A deep thanks to everyone at Stanford University Press, starting with Marcela Maxfield. Her strong editorial voice and belief in this project were essential in getting this book into print. Tim Roberts skillfully managed the production of the book. And a special thanks to Bev Miller, who painstakingly oversaw the copyediting of the manuscript. The Stanford University Press design team astounded me with their work for the book. I also owe a tremendous debt to the two anonymous reviewers whose perceptive critiques made me rethink many aspects of this book.
Researching China from New Orleans, the city that care forgot, presents a unique challenge. Working at Tulane University, however, has been a blessing. A Young Mellon Professorship, awarded by the School of Liberal Arts, provided critical research funding. My colleagues in the history department have given me camaraderie and a true academic home. As this book came to completion, my fellow historians Emily Clark, Kris Lane, Jana Lipman, Liz McMahon, Linda Pollock, and Randy Sparks shared much needed advice on writing and publishing. I also thank the department administrators, whose hard work allowed me to finish this book: Donna Denneen, Susan McCann, and Ericka Sanchez. And I cannot forget my students, some of whom have put up with my rants about narratives and grassroots China for years. Three talented students volunteered to comment on this book: John Berner, Colin Boyd, and Drew Pearson. My research assistant, Xiaoyu Yu, helped me navigate through a collection of particularly challenging handwritten documents. Off campus, these friends helped make New Orleans home: Amy Arthur, Ryan Farishian, James Gentry, Nowell Raff, and John and Sarah Wachter.

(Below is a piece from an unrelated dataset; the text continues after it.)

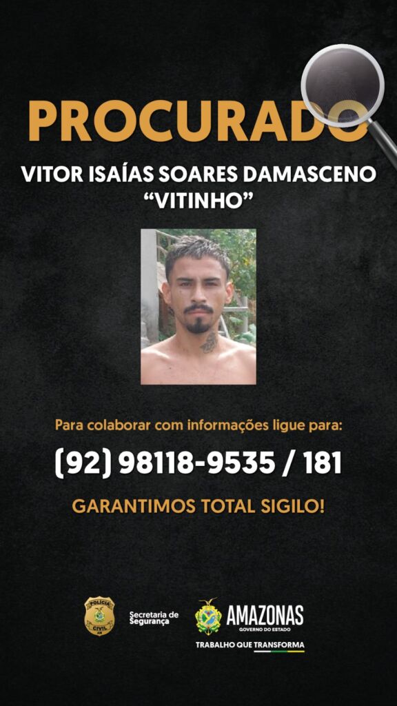 Duas pessoas identificadas como participantes do crime estão sendo procuradas: Jhon Erick Menezes de Araújo, vulgo ‘Macaquinho’ e Vitor Isaías Soares Damasceno, o ‘Vitinho’.

My parents, Maggie and Paul, chose to raise their ‘ohana in Hawaii. I grew up there, spending years in the sunshine with my siblings Pam, Jeff, and Tracey. I often thought about those blissful days as I worked on this project. As readers will discover, the story of China’s rural revolution is not always a happy one. I suspect that I never would have finished this book without Nina and Miles DeMare. Thanks to them, my life has been filled with aloha, which has sustained me during the most depressing moments of archival discovery. Nina, from our days living in a hutong not far from Tiananmen, always believed that I would finish graduate school, find a job, and get tenure. She never once suspected that this book might not see publication. Her love and unrelenting faith in me pushed me to be a better scholar, husband, and father. Miles, my young son just entering kindergarten, rejuvenated my soul with his good humor and joy for life. His essential kindness has proven that Mencius was right all along. There is nothing I could ever say to properly express how wonderfully happy they have made my life. All I can do is dedicate this book to them.